- Records supplied -
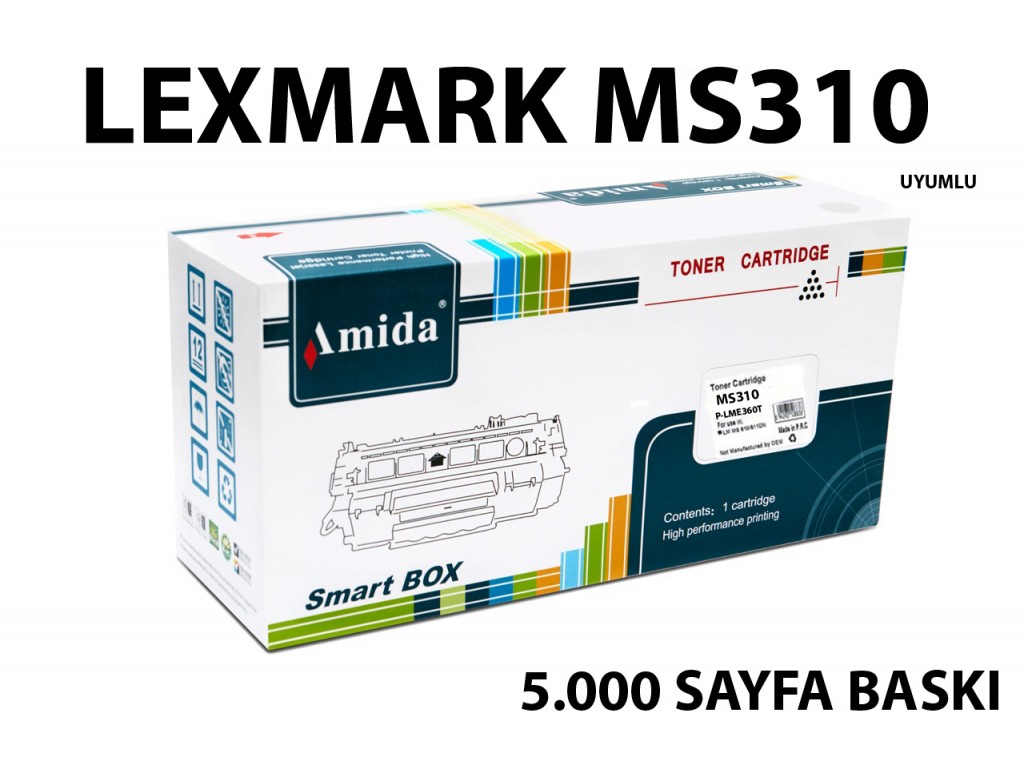 AMİDA İTHAL MUADİL TONER (P-LM MS310LT) LEXMARK MS310 - MS 310 - MS310D - MS 310D - MS310DN - MS 310DN - MS312 - MS312DN - MS410 - MS 410 - MS410D - MS 410D - MS410DN - MS 410DN - MS415 - MS 415 - MS415DN - MS 415DN - MS510 - MS 510 - MS510DN - MS 510DN - MS610 - MS 610 - MS610DN - MS610DE 50F5H00 - 505H - 50F5000 - 505 - MODEL YAZICILAR İLE UYUMLU 5.000 SAYFA BASKI KAPASİTELİ SİYAH TONER
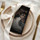 This elegant wedding menu featuring custom photo, text and modern script would make a wonderful addition to your party! Easily change the text by clicking on the "personalise this template" option.
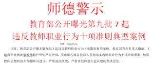 支部书记邝姗带领全体教职工学习了《教育部关于高校教师师德失范行为处理的指导意见》《上海高校教师师德失范行为处理指导意见》《新时代高校教师职业行为十项准则》《事业单位工作人员处分暂行规定》等有关师德师风建设的文件精神,学习了教育部公开曝光第九批7起违反教师职业行为十项准则典型案例,号召教师们向“四有教师”看齐。
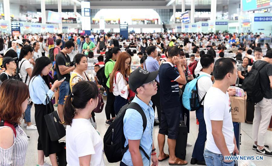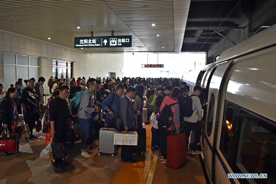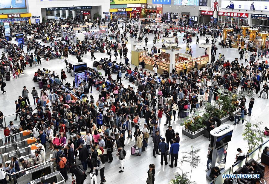 Passengers queue to have tickets checked at the Chongqing North Railway Station in Chongqing, southwest China, Oct. 1, 2017. Many parts of China witnessed a travel peak on the first day of the National Day holiday. (Xinhua/Wang Quanchao)
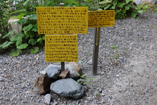 クマ出没注意の看板。 すれ違った方にさっき熊出たらしいですよと言われ、ビビりながら登りました。 ヤマレコでもこの日に熊に会われている方も、、、 |
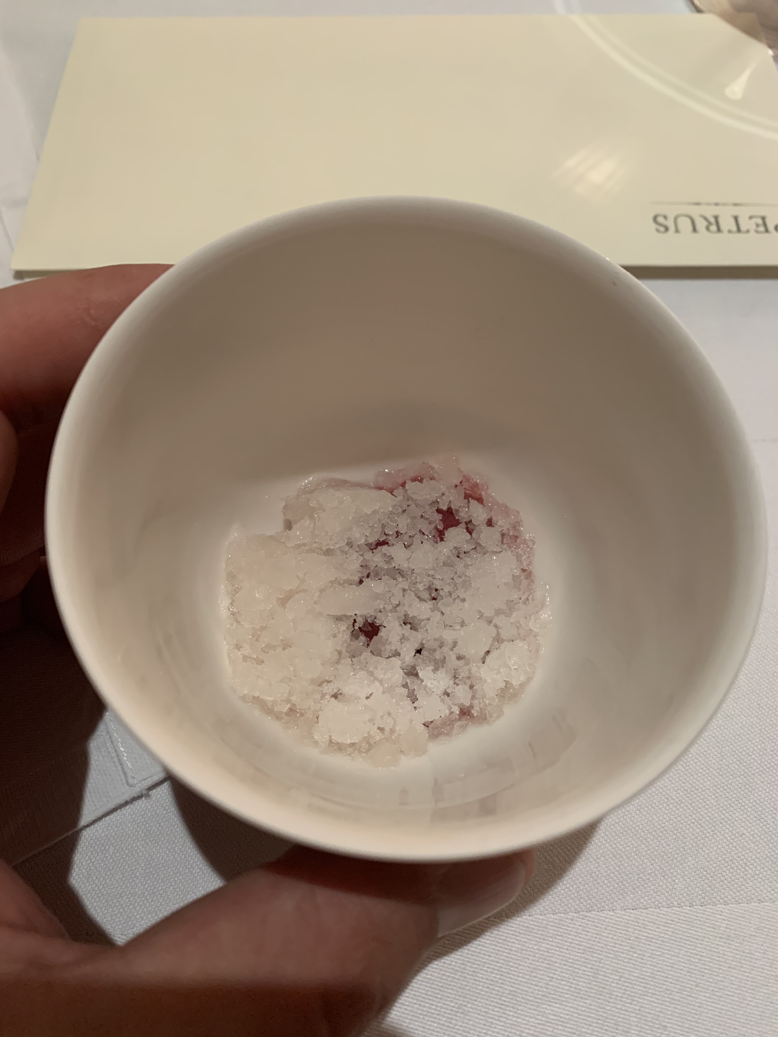 Course seven was a perfect way to reinvigorate our palates and encourage us to continue eating. This course was a sorbet of Fragola grapes and a verjus granite. The cold, slightly sour, slightly sweet flavors brought an excitement right back to the mouth and made us ready for the many desserts yet to come. Small in size, but powerful in flavor. I absolutely loved this dessert.
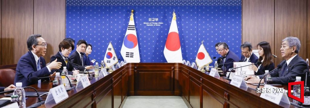 조태열 외교부 장관과 이와야 다케시 일본 외무대신이 13일 서울 종로구 외교부에서 한일외교장관회담을 하고 있다. 조용준 기자

- What is required -
At the line containing "Passengers queue to", start reproducing exactly, and stop after the last line of the listing; include both ends, and leave the pictures out.

- Answer to this task -
 Passengers queue to have tickets checked at the Chongqing North Railway Station in Chongqing, southwest China, Oct. 1, 2017. Many parts of China witnessed a travel peak on the first day of the National Day holiday. (Xinhua/Wang Quanchao)
 クマ出没注意の看板。 すれ違った方にさっき熊出たらしいですよと言われ、ビビりながら登りました。 ヤマレコでもこの日に熊に会われている方も、、、 |
 Course seven was a perfect way to reinvigorate our palates and encourage us to continue eating. This course was a sorbet of Fragola grapes and a verjus granite. The cold, slightly sour, slightly sweet flavors brought an excitement right back to the mouth and made us ready for the many desserts yet to come. Small in size, but powerful in flavor. I absolutely loved this dessert.
 조태열 외교부 장관과 이와야 다케시 일본 외무대신이 13일 서울 종로구 외교부에서 한일외교장관회담을 하고 있다. 조용준 기자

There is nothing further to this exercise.